*BRIEF*
The answer should be one number only, namely how many lines of the records hold the word "Slika".

Dataset items:
☆ ☆ ☆ ☆ ☆
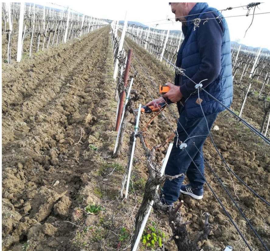
Slika 12. Rezidba vinograda

U vinogradu u fazi mirovanja vegetacije obavlja se rezidba kao prva agrotehnička mjera. Rezidbom tj. rezom oblikujemo i održavamo uzgojni oblik te reguliramo rodni potencijal. Također posredno utječemo i na veličinu te kakvoću uroda. U vinogradu obrta Veselko Glavić rezidba se obavljala početkom ožujka, ručno s električnim vinogradarskim škarama (Slika 12.). Orezano drvo skuplja se na hrpe, potom iznose iz vinograda te spaljuju.
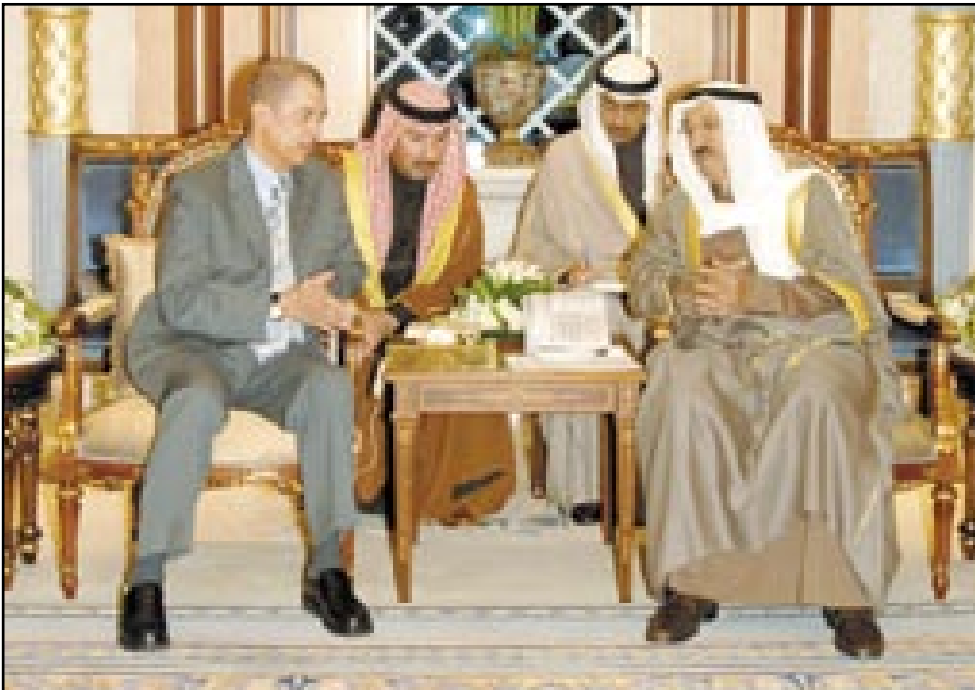
• الأمير مستقبلاً رئيس سيشل

سموه التقي ولي العهد وأولم على شرف الضيف والوفد المرافق
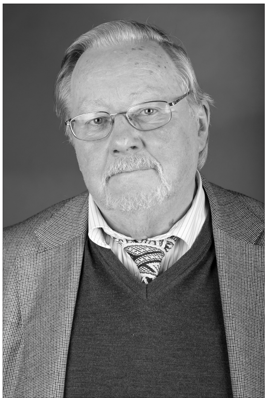
Prof. Vytautas Landsbergis, 2014 m.

– Grįžti į tėvynę. Jei yra norinčių „prasigyvenus kitur grįžti tėvynę“ (tebejaučiant ją kaip tėvynę), tai dar visai neblogai. O grįžti nedraudžia jokia Konstitucija, jokie įstatymai. Grįžk ir gyvenk ir prasigyvenk toliau Lietuvoje.
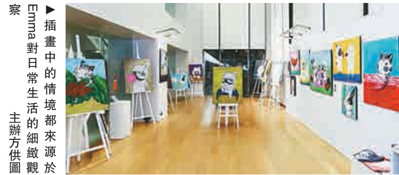
插畫中的情境都來源於Emma對日常生活的細微觀察。
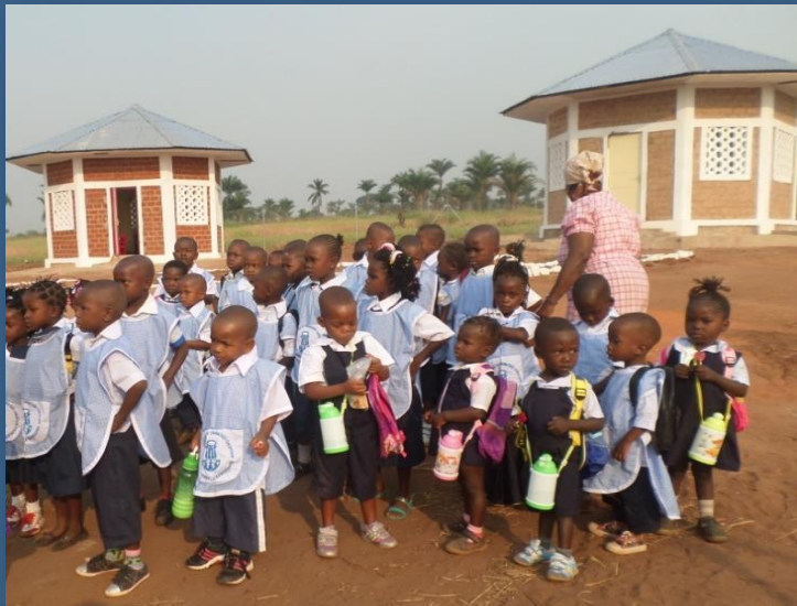
Presència MIC a la R.D. del Congo. 2015
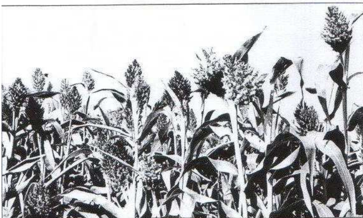
Čirok je vynikajícím zdrojem energie
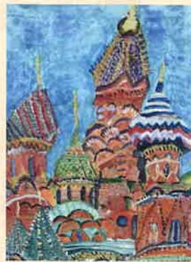
「ヴァシーリー聖堂(ロシア)」森田 慧
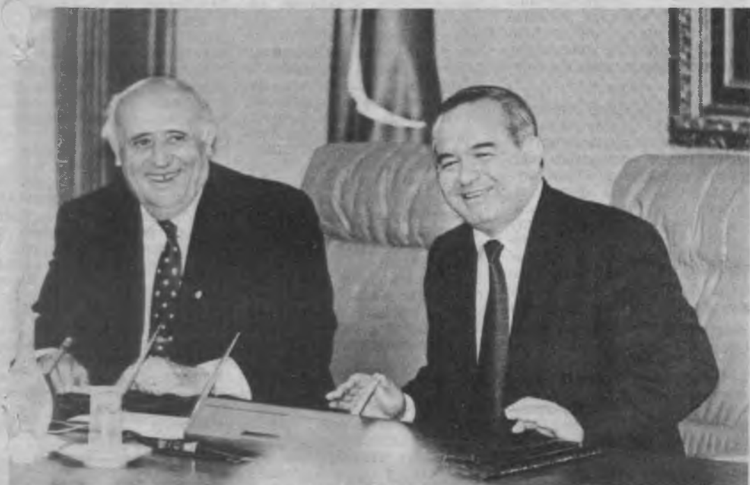
СУРАТЛАРДА: Мамлакатимиз Президентини Ислам Каримов ва Туркия Республикасининг Президентини Сулаймон Демирел.
☆ ☆ ☆ ☆ ☆
*ANSWER FOR THIS EXERCISE*
2